Why is this disturbing? “Forces of darkness” strikes me as a surprising thing for a sitting governor to say, but it’s not clear why talk of Satan should be notable in a country that demands all its candidates be “people of faith.” One would expect that any Christian candidate who professes belief in good spirits would also profess an attendant faith in bad ones. And yet the ease with which Perry slips into a language rarely heard in New England marks him as something unfamiliar to that world. There’s a clarity in the phrase “spiritual warfare” that you won’t get going to Catholic school in Connecticut.

Then again, it seems like the work of the devil ought to be anything but clear. Saint Theresa of Avila’s Interior Castle—which I’m told, unrelatedly, was the inspiration for a more recent book called Eat, Pray, Love—involves a gorgeously complicated attempt by the author to extricate those experiences that are heaven sent from those that are sent by Satan in order to simulate heavenly experiences and deceive her into thinking she has communed with God.

Much fun can thus be had disentangling God’s actual plan from what Satan would like you to believe is his plan. Is the separation of church and state the work of the devil, or is that merely what the devil would like Rick Perry to believe?

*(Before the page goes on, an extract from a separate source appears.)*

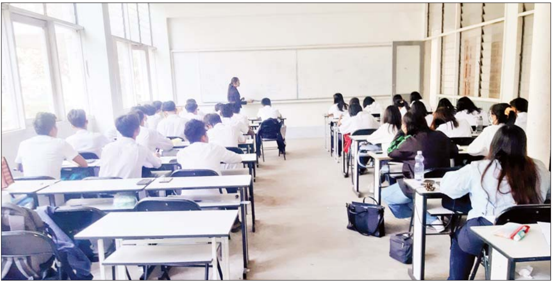
အစိုးရစက်မှုလက်မှုသိပ္ပံကျောင်း၌ ကျောင်းသား ကျောင်းသူများ ဘာသာရပ်အလိုက် စာတွေ့သင်ကြားနေစဉ်။

ဆက်လက်ပညာသင်ယူနိုင်ရန် လမ်းဖွင့်ပေးထား သိပ္ပံနှင့် နည်းပညာဝန်ကြီးဌာနတွင် ဦးစီးဌာန ခုနစ်ခုရှိပြီး နည်းပညာ၊ သက်မွေး ပညာနှင့် လေ့ကျင့်ရေးဦးစီးဌာနအောက် တွင် အသက်မွေးဝမ်းကျောင်းပညာရပ် များကို တက်ရောက်သင်ကြားနိုင်ရန် ဆောင်ရွက်ထားသည်။ အခြေခံပညာ အလယ်တန်း (KG + 9) ပြီးမြောက် အောင်မြင်ပြီးပါက အစိုးရနည်းပညာ အထက်တန်းကျောင်း (GTHS) များသို့ တက်ရောက်ရန် လျှောက်ထားနိုင်ပြီး တက်ရောက်ခွင့်ရပါက သင်တန်းကာလ သုံးနှစ် တက်ရောက်သင်ကြားရပါသည်။ သင်တန်းအောင်မြင်ပြီးဆုံးပါက GTHS Certificate ချီးမြှင့်ပါသည်။ ပညာ သင်ကြားနေစဉ်ကာလအတွင်း ပညာ သင်ထောက်ပံ့ကြေး လျှောက်ထားလာ ပါက တစ်ဦးလျှင် တစ်လ သုံးသောင်းကျပ် နှုန်းဖြင့် နိုင်ငံတော်က ပံ့ပိုးချီးမြှင့်ပေး ထားပါသည်။ ထိုကျောင်းများမှသင်တန်း ပြီးဆုံးအောင်မြင်ပြီး ပညာထူးချွန်သူများ ကို အစိုးရစက်မှုလက်မှုသိပ္ပံ၊ အစိုးရ နည်းပညာကောလိပ်နှင့် နည်းပညာ တက္ကသိုလ်များသို့ ဆက်လက်တက် ရောက်ပညာသင်ယူနိုင်ရန် လမ်းဖွင့်ပေး ထားပါသည်။

Perhaps God orchestrated this interpretation of the First Amendment and Satan has enlisted Rick Perry to discredit the idea. And so on.

Rick Perry, of course, is not the Rick we’d most expect to claim special knowledge of Satan’s designs. Here’s Rick Santorum chatting about Satan’s plan in 2008:

The Father of Lies has his sights on what you would think the Father of Lies would have his sights on: a good, decent, powerful, influential country—the United States of America. If you were Satan, who would you attack in this day and age. There is no one else to go after other than the United States …

If I were the Father of Lies and looking for a good, decent country to strike down, I’m certain I’d pick Canada. But that’s the great thing about Satan—he’s a scam artist, a trickster. You can only guess at his long-term strategy. What’s ultimately disturbing about Perry is not his belief in darkness personified but the belief that he knows precisely on which side of any question Satan sits. To characterize a policy as satanic is not to make oneself open to empirical evidence about the efficacy of that policy. Which is not to say that sleepless, pain-ridden Rick Perry is unusual in his refusal to acknowledge moral ambiguity. He has just got a useful shorthand for the kind of unlearned certainty that makes campaign season so rhetorically vibrant and intellectually vacuous.